An open economy allows 100% foreign ownership in almost all sectors and supports a Build-Operate-Transfer (BOT) investment scheme that other Asian countries emulate. Government corporations are being privatized and the banking, insurance, shipping telecommunications and power industries have been deregulated. Incentive packages include the corporate income tax, reduced to a current 32%, with companies in the Special Economic Zones are subject to only 5% overall tax rates. Multinationals looking for regional headquarters are entitled to incentives such as tax exemptions and tax and duty-free importation of specific equipment and materials.

Unlimited business opportunities

As Asian economies integrate within the vast framework of the ASEAN Free Trade Agreement (AFTA), the Philippines is the natural and most strategic location for firms that want access to the large ASEAN market and its vast trade opportunities. The Philippines has enhanced and primed up various areas for investors and offers a dynamic consumer market accustomed to an array of product choices created by a competitive domestic economy.

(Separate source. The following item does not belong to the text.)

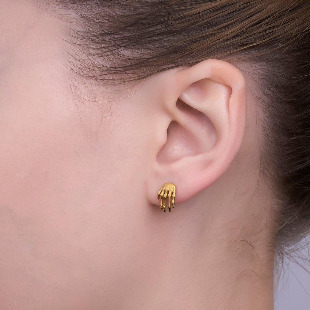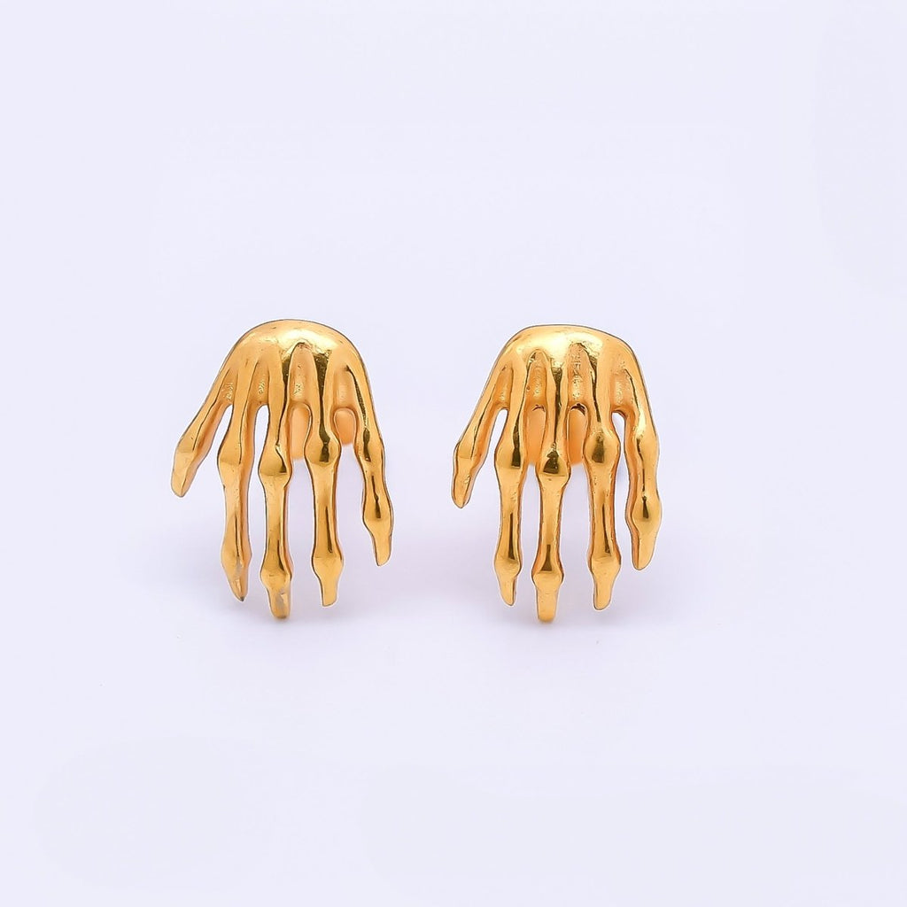 Gold Stainless Steel Skeleton Witch's Hands Stud Earrings | AB1584

Developing Infrastructure for Global Growth

A well-developed communication, transportation, business and economic infrastructure links the three major islands and distinguishes the Philippine economy. Highly accessible by air, water and cyberspace, liberalization of inter-island shipping and domestic aviation further sparked improved facilities and services. The container terminals are suited to handle cargo traffic at the highest levels of efficiency. Communication provides redundant international connectivity 24/7 with fiber optic cable as primary backbone network and satellite as backup. Economic reforms emphasize regional growth, converting remote areas into business centers. The landmark BOT legislation allows private investors to build and operate infrastructure, then turn it over to the Philippine government after a set period of time.

All you need and more

The Philippines offer state-of-the-art telecommunications facilities, adequate and uninterrupted power supply. There are ready-to-occupy offices and production facilities, computer security and building monitoring systems, as well as complete office services in specialized IT zones. With the government's focus on building up an IT-enabled economy, the Philippines is on its way to becoming the E-services Hub of Asia.